→ ASSIGNMENT
Images excepted, the data below must be repeated exactly.

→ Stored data
==*==

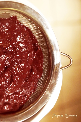 The first step was to get the pips out of the olives. My kitchen is rather well equipped with all manners of gadgets and in the far corner of a drawer I knew had an olive de-pipper that I had never used. This part of the process turned out to be a complete non-event: it was easy as pie to make pitted olives. The weight of my pitted olives was about a quarter of the weight of the olive oil in the formula.
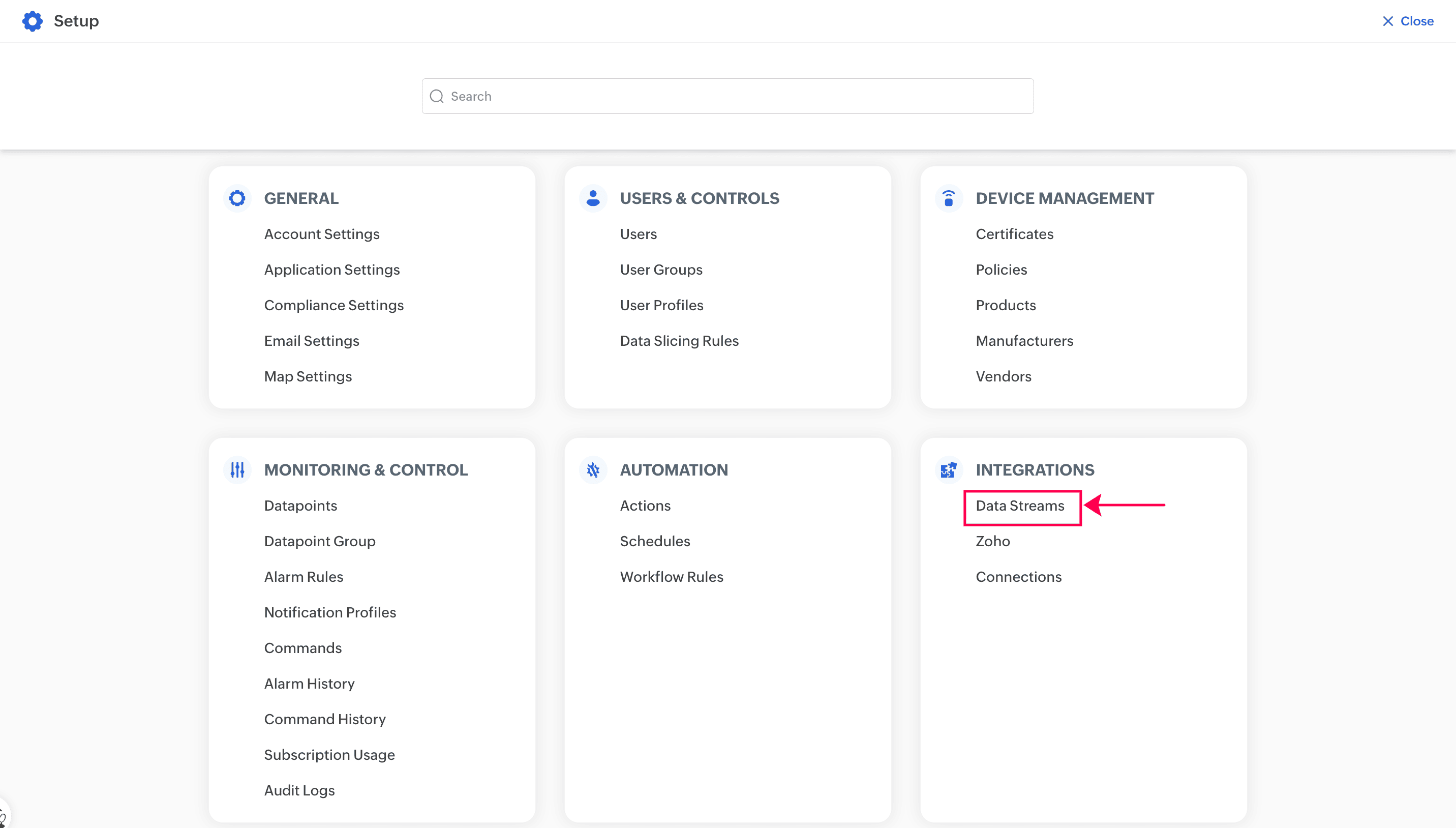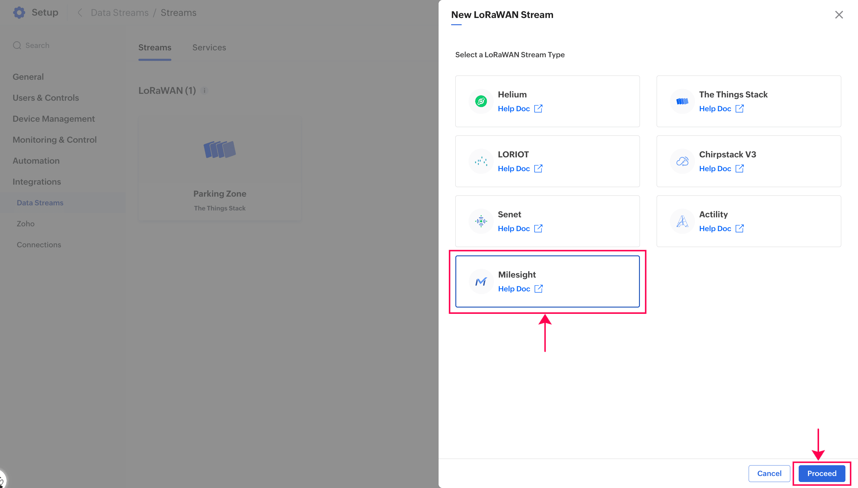 Follow these steps to create a Milesight Data Stream in the Zoho IoT application,
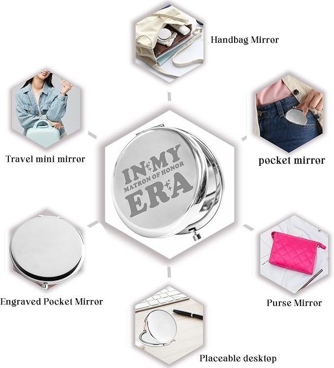 • Compact Mirror with Lettering: IN MY MATRON OF HONOR ERA. Makes a great gift for your Matron of honor.
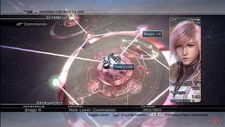 借助一个名为"Crystarium"的系统,《最终幻想XIII》对传统RPG的升级和成长系统进行了一番革新。这个系统有点类似于十代的晶球盘,你花费通过击败敌人得到的点数——Crystarium Points(CP),在Crystarium上不断移动,逐步开启各项加成或新能力的水晶,从而对角色进行培养。
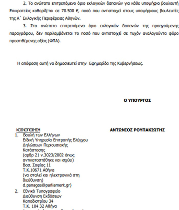 Εγκύκλιο σχετική με το ανώτατο επιτρεπόμενο όριο εκλογικών δαπανών για κάθε υποψήφιο βουλευτή δημοσιοποίησε το Υπουργείο Εσωτερικών. Το ύψος της επιτρεπόμενης δαπάνης συνδέεται άρρηκτα με τον αριθμό βουλευτών που εκλέγονται σε κάθε εκλογική περιφέρεια και όσο αυξάνεται ο αριθμός, τόσο αυξάνεται και το επιτρεπόμενο όριο δαπανών.
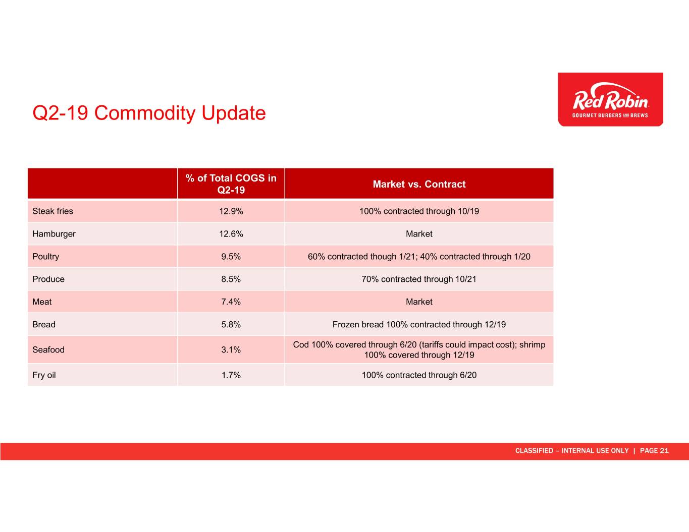 Q2-19 Commodity Update % of Total COGS in Market vs. Contract Q2-19 Steak fries 12.9% 100% contracted through 10/19 Hamburger 12.6% Market Poultry 9.5% 60% contracted though 1/21; 40% contracted through 1/20 Produce 8.5% 70% contracted through 10/21 Meat 7.4% Market Bread 5.8% Frozen bread 100% contracted through 12/19 Cod 100% covered through 6/20 (tariffs could impact cost); shrimp Seafood 3.1% 100% covered through 12/19 Fry oil 1.7% 100% contracted through 6/20 CLASSIFIED – INTERNAL USE ONLY | PAGE 21
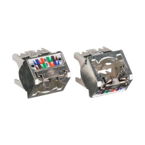 ケーブルの挿入が上下45度からできるシールド付きモジュラージャック用のキャップです。シールド付きモジュラージャックと組み合わせることでケーブルを上下45度から挿入できます。 |
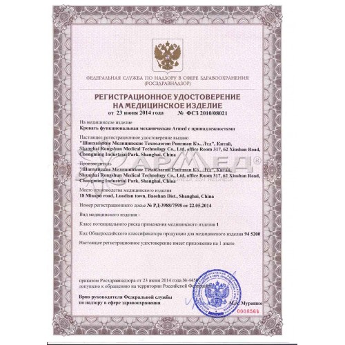 Кровать предназначена для использования как в лечебных учреждениях для ухода, диагностики и лечения пациентов под наблюдением врача, так и в домашних условиях - для профилактики, лечения и восстановления больных.
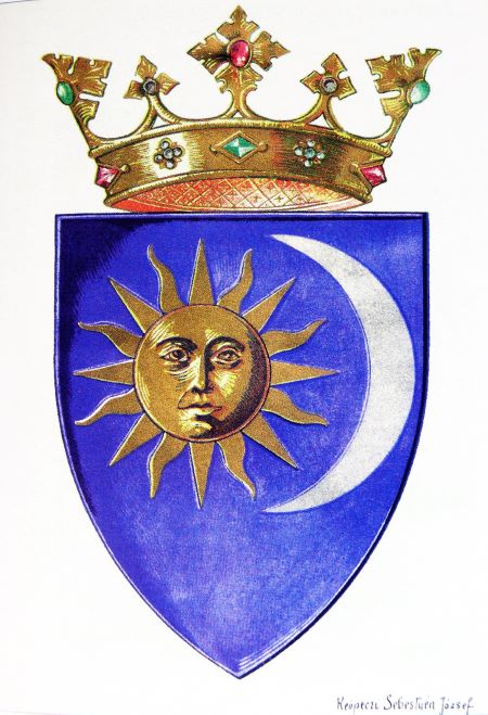 Az alsó kép az egyetlen székely származású erdélyi fejedelem, siménfalvi Székely Mózes címere. Szamosközi István történetíró leírásában így szerepel: „Címere nem nemzetségi címer volt, hanem a maga vitézségével érdemelte ki István királytól: rajta két ágaskodó oroszlán tart első lábával egy kivont kardot, míg felül két csillag, valamint két-két növekvő és fogyó hold látható.” A lengyel királlyá választott Báthori István erdélyi fejedelem az adományozó. A címer megjelent Székely Mózes tízdukátosán, valamint Gyulafehérvári Pál Deák címerkönyvének másolatában is fennmaradt.
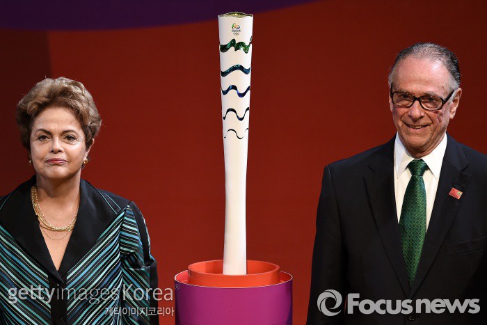 지우마 호세프 브라질 대통령은 탄핵 정국 속에 성화 봉송 행사 불참 의사를 밝힌 바 있다. 그러나 첫 번째 주자에게 성화를 넘겨주는 행사에 등장해 100명 넘는 시민들이 규탄 시위를 벌이기도 했다.2016 리우데자네이루 올림픽을 95일 앞두고 지난 3일(현지시간) 브라질에 성화가 도착했다. 올림픽 성화는 95일간 브라질 전역을 돌아본 뒤 개막 전날인 8월 4일 다시 리우로 돌아오게 된다. (Photo by Buda Mendes/Getty Images)2016.05.04 ⓒ게티이미지/이매진스
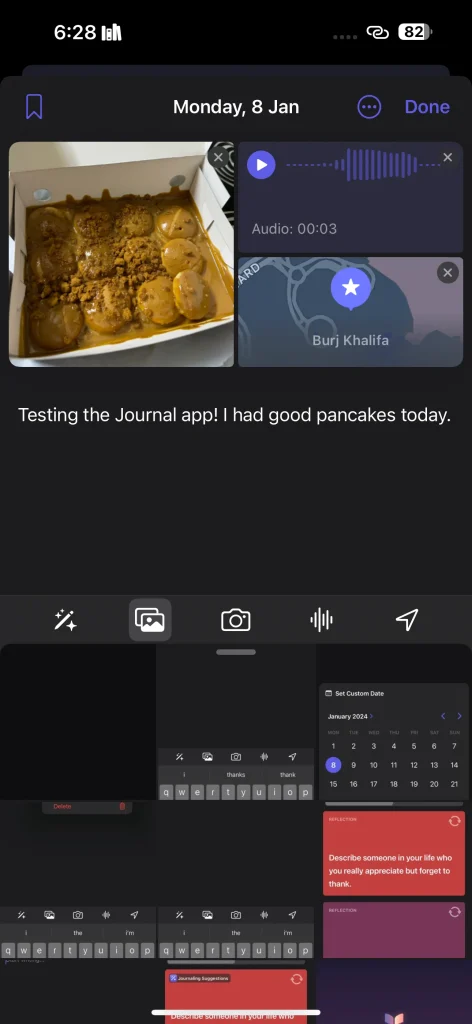 تطبيق Journal هو تطبيق مدمج من Apple مصمم لتسجيل الأفكار والذكريات والتأملات اليومية، ويعتبر بمثابة دفتر يوميات رقمي متكامل. يتيح لك التطبيق إضافة النصوص والصور، وحتى أبرز الأنشطة التي قمت بها، مما يسهل عليك توثيق يومك بشكل شامل. إحدى أفضل ميزات تطبيق Journal هي قدرته على اقتراح محتوى تلقائيًا من الصور وموقعك الجغرافي وبياناتك الصحية، مما يجعل إنشاء المدخلات اليومية أمرًا سريعًا وسهلًا للغاية. هذه الميزة الذكية توفر عليك الكثير من الوقت والجهد في تجميع أفكارك.

==*==

→ TASK RESPONSE
 The first step was to get the pips out of the olives. My kitchen is rather well equipped with all manners of gadgets and in the far corner of a drawer I knew had an olive de-pipper that I had never used. This part of the process turned out to be a complete non-event: it was easy as pie to make pitted olives. The weight of my pitted olives was about a quarter of the weight of the olive oil in the formula.
 Follow these steps to create a Milesight Data Stream in the Zoho IoT application,
 • Compact Mirror with Lettering: IN MY MATRON OF HONOR ERA. Makes a great gift for your Matron of honor.
 借助一个名为"Crystarium"的系统,《最终幻想XIII》对传统RPG的升级和成长系统进行了一番革新。这个系统有点类似于十代的晶球盘,你花费通过击败敌人得到的点数——Crystarium Points(CP),在Crystarium上不断移动,逐步开启各项加成或新能力的水晶,从而对角色进行培养。
 Εγκύκλιο σχετική με το ανώτατο επιτρεπόμενο όριο εκλογικών δαπανών για κάθε υποψήφιο βουλευτή δημοσιοποίησε το Υπουργείο Εσωτερικών. Το ύψος της επιτρεπόμενης δαπάνης συνδέεται άρρηκτα με τον αριθμό βουλευτών που εκλέγονται σε κάθε εκλογική περιφέρεια και όσο αυξάνεται ο αριθμός, τόσο αυξάνεται και το επιτρεπόμενο όριο δαπανών.
 Q2-19 Commodity Update % of Total COGS in Market vs. Contract Q2-19 Steak fries 12.9% 100% contracted through 10/19 Hamburger 12.6% Market Poultry 9.5% 60% contracted though 1/21; 40% contracted through 1/20 Produce 8.5% 70% contracted through 10/21 Meat 7.4% Market Bread 5.8% Frozen bread 100% contracted through 12/19 Cod 100% covered through 6/20 (tariffs could impact cost); shrimp Seafood 3.1% 100% covered through 12/19 Fry oil 1.7% 100% contracted through 6/20 CLASSIFIED – INTERNAL USE ONLY | PAGE 21
 ケーブルの挿入が上下45度からできるシールド付きモジュラージャック用のキャップです。シールド付きモジュラージャックと組み合わせることでケーブルを上下45度から挿入できます。 |
 Кровать предназначена для использования как в лечебных учреждениях для ухода, диагностики и лечения пациентов под наблюдением врача, так и в домашних условиях - для профилактики, лечения и восстановления больных.
 Az alsó kép az egyetlen székely származású erdélyi fejedelem, siménfalvi Székely Mózes címere. Szamosközi István történetíró leírásában így szerepel: „Címere nem nemzetségi címer volt, hanem a maga vitézségével érdemelte ki István királytól: rajta két ágaskodó oroszlán tart első lábával egy kivont kardot, míg felül két csillag, valamint két-két növekvő és fogyó hold látható.” A lengyel királlyá választott Báthori István erdélyi fejedelem az adományozó. A címer megjelent Székely Mózes tízdukátosán, valamint Gyulafehérvári Pál Deák címerkönyvének másolatában is fennmaradt.
 지우마 호세프 브라질 대통령은 탄핵 정국 속에 성화 봉송 행사 불참 의사를 밝힌 바 있다. 그러나 첫 번째 주자에게 성화를 넘겨주는 행사에 등장해 100명 넘는 시민들이 규탄 시위를 벌이기도 했다.2016 리우데자네이루 올림픽을 95일 앞두고 지난 3일(현지시간) 브라질에 성화가 도착했다. 올림픽 성화는 95일간 브라질 전역을 돌아본 뒤 개막 전날인 8월 4일 다시 리우로 돌아오게 된다. (Photo by Buda Mendes/Getty Images)2016.05.04 ⓒ게티이미지/이매진스
 تطبيق Journal هو تطبيق مدمج من Apple مصمم لتسجيل الأفكار والذكريات والتأملات اليومية، ويعتبر بمثابة دفتر يوميات رقمي متكامل. يتيح لك التطبيق إضافة النصوص والصور، وحتى أبرز الأنشطة التي قمت بها، مما يسهل عليك توثيق يومك بشكل شامل. إحدى أفضل ميزات تطبيق Journal هي قدرته على اقتراح محتوى تلقائيًا من الصور وموقعك الجغرافي وبياناتك الصحية، مما يجعل إنشاء المدخلات اليومية أمرًا سريعًا وسهلًا للغاية. هذه الميزة الذكية توفر عليك الكثير من الوقت والجهد في تجميع أفكارك.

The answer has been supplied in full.